Multiplying these units digits together gives 6 × 1 × 4 × 1 = 24. The units digit of 24 is 4. However, since we are looking for the units digit of the square of 1294, we need to take the units digit of 24 squared, which is 6. Therefore, the units digit in the square of 1294 is 6.


28.  The square of 500 will have _________ zeroes.

Explanation:

To find the number of zeroes at the end of the square of 500, we need to determine the number of factors of 10 in the expression 5002.

We can write 500 as 5 × 100, so 5002 can be written as (5 × 100)2, which simplifies to 52 × 1002.

The power of 5 in 52 is 2, and the power of 10 in 1002 is 4, since 100 = 102. So, the overall power of 10 in 52 × 1002 is 4.

Therefore, the square of 500 will have 4 zeroes at the end.

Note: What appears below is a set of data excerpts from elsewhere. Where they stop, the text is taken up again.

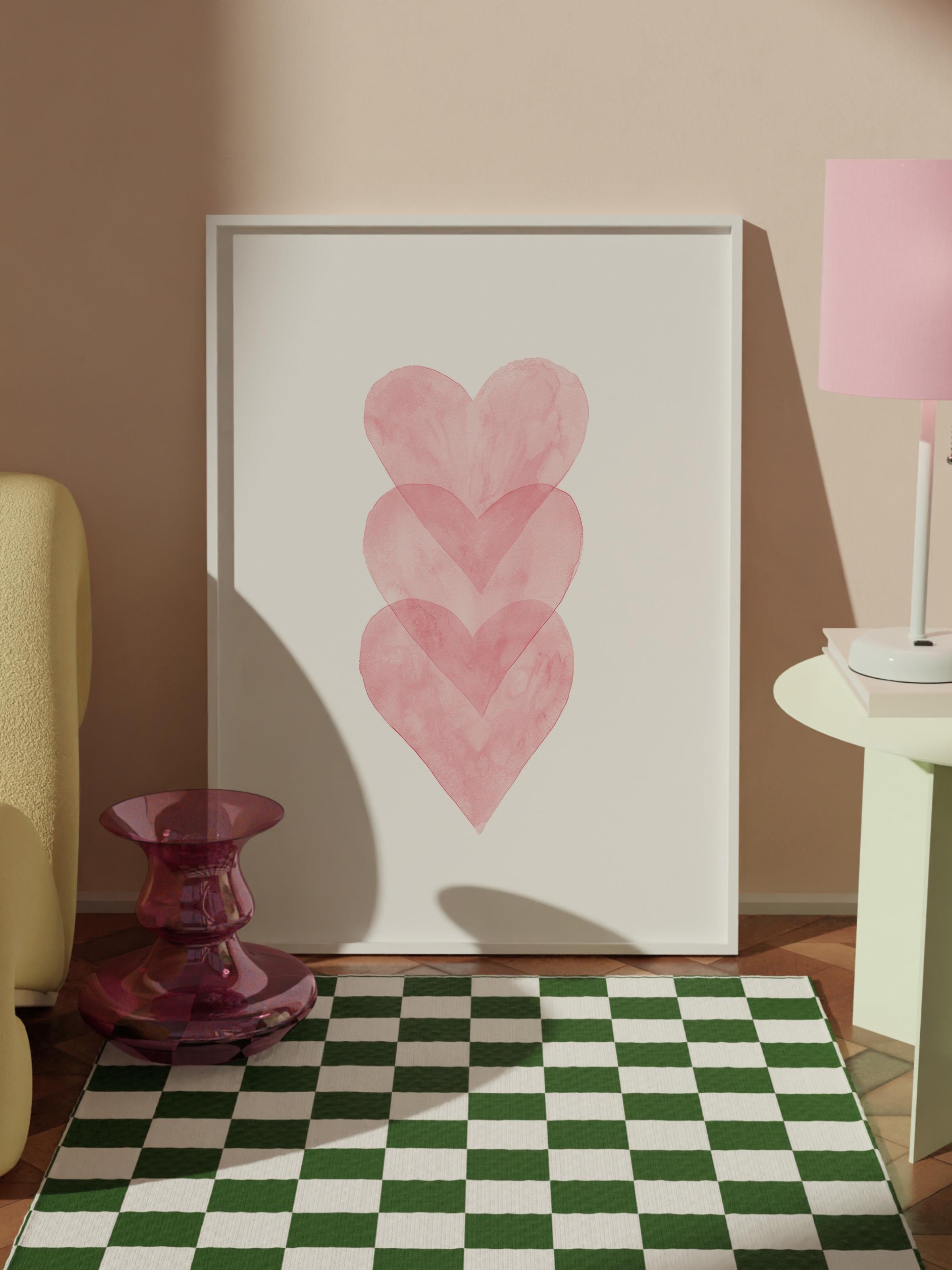 Watercolour Hearts Çerçeveli Tablo, Beyaz Çerçeve ve Poster, Duvar Tablosu Comfort Serisi NO:108491
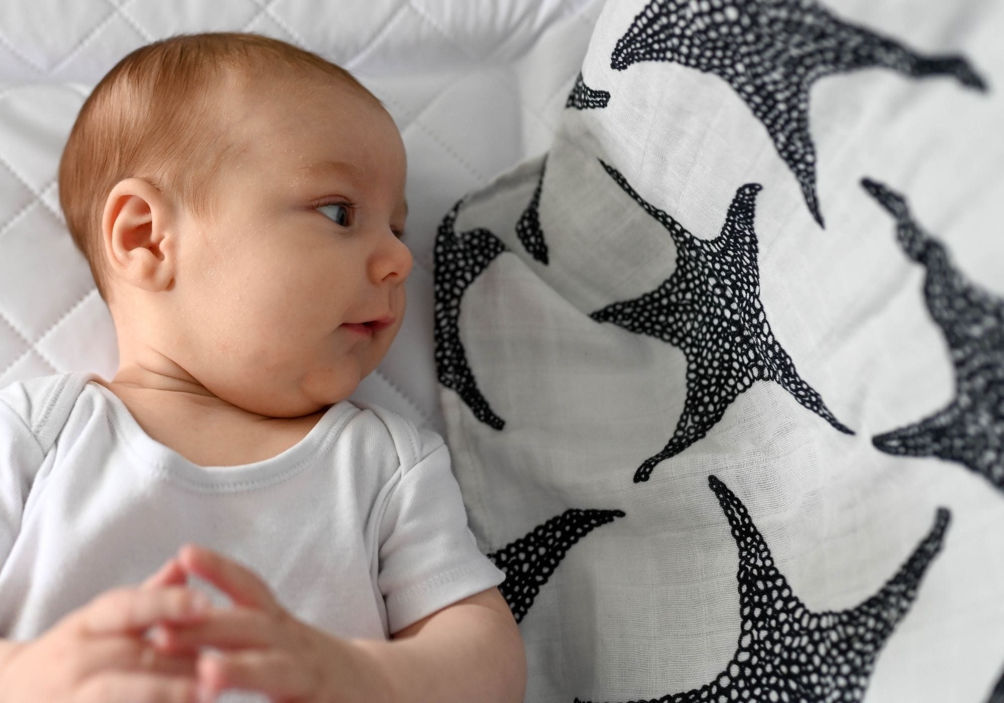 We design for both. Every pattern contains a range of scales matched to the age range it's for, so that patterns captivate and continue to captivate for months as vision sharpens. We also know which shapes babies prefer at each stage, so we design for what engages, not just what's visible.
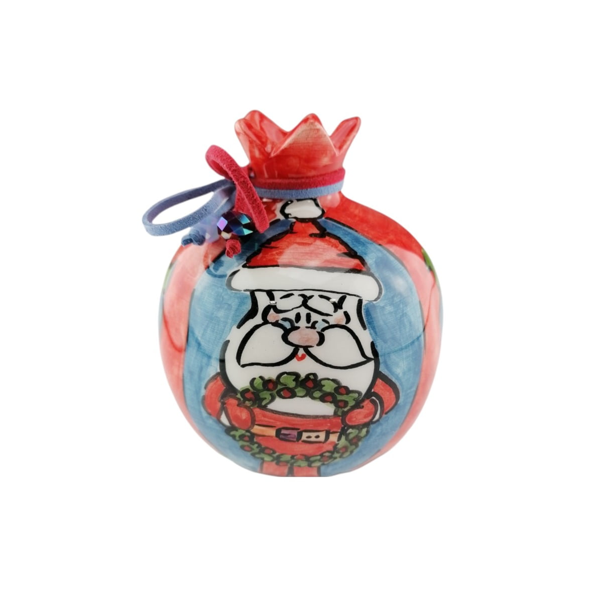 SKU: EART1180Handmade ceramic decorative pomegranate, hand painted outside, with Santa Claus and mistletoe pattern.
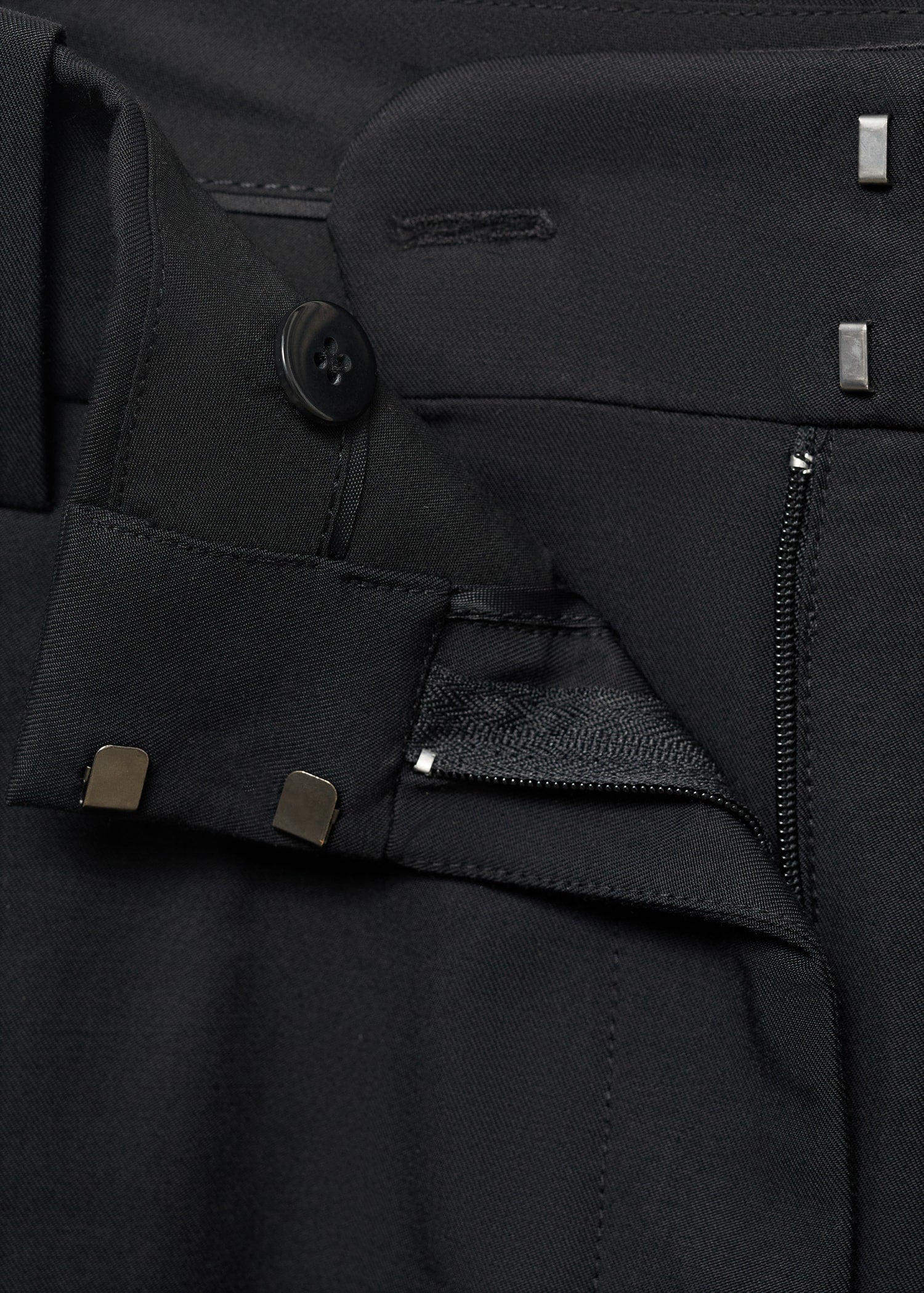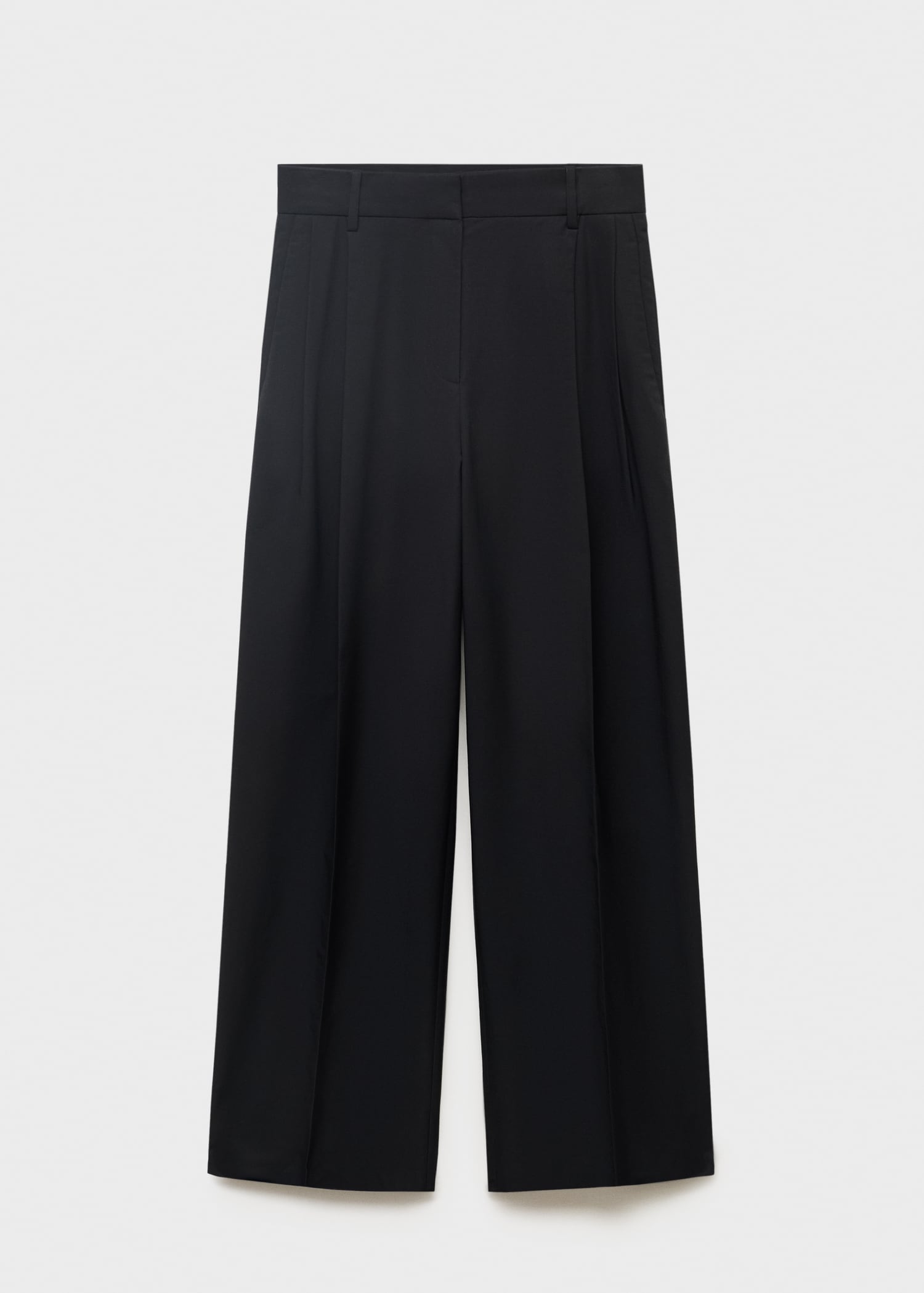 Cotton-blend fabric. Long design. Straight design. Medium waist. Belt loops. Two side pockets. Concealed button, hook and zip fastening. Total look.
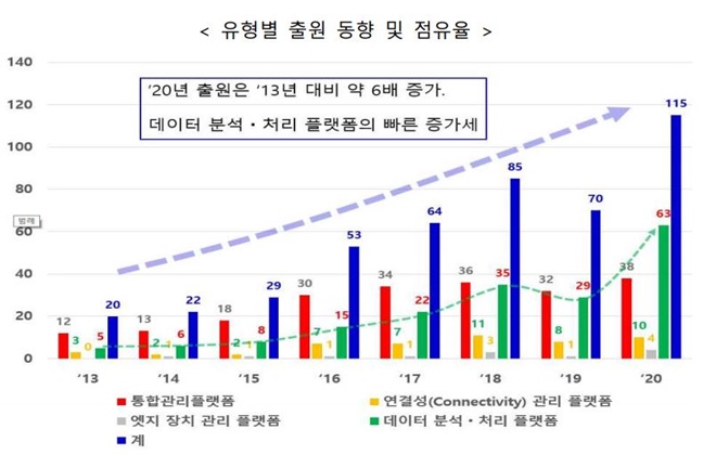 특허청에 따르면, IoT 플랫폼 관련 국내 출원 또한 2013년 20건에서 2020년에 115건으로 최근 7년간 6배 가까이 증가한 것으로 나타났다.

29. There are _________ natural numbers between n2 and (n + 1)2.

Explanation:

There are 2n natural numbers between n2 and (n + 1)2.


30. The square root of 24025 will have _________ digits.

Explanation:

To find the number of digits in the square root of 24025, we need to first calculate the square root of 24025.

√24025 = 155

Therefore, the square root of 24025 is 155.

To find the number of digits in 155, we count the number of digits in the integer part of the number, which is 3. Therefore, the square root of 24025 will have 3 digits.


31. The square of 5.5 is _________.

Explanation:

The square of a number is obtained by multiplying the number by itself. Therefore, to find the square of 5.5, we need to multiply 5.5 by itself:

5.5 x 5.5 = 30.25

Therefore, the square of 5.5 is 30.25.


32. The square root of 5.3 × 5.3 is _________.

Explanation:

We can simplify 5.3 × 5.3 to (5.3)^2, and then take the square root of the result to get the final answer.

So,

√(5.3 × 5.3)

= √(5.3^2)

= 5.3

Therefore, the square root of 5.3 × 5.3 is 5.3.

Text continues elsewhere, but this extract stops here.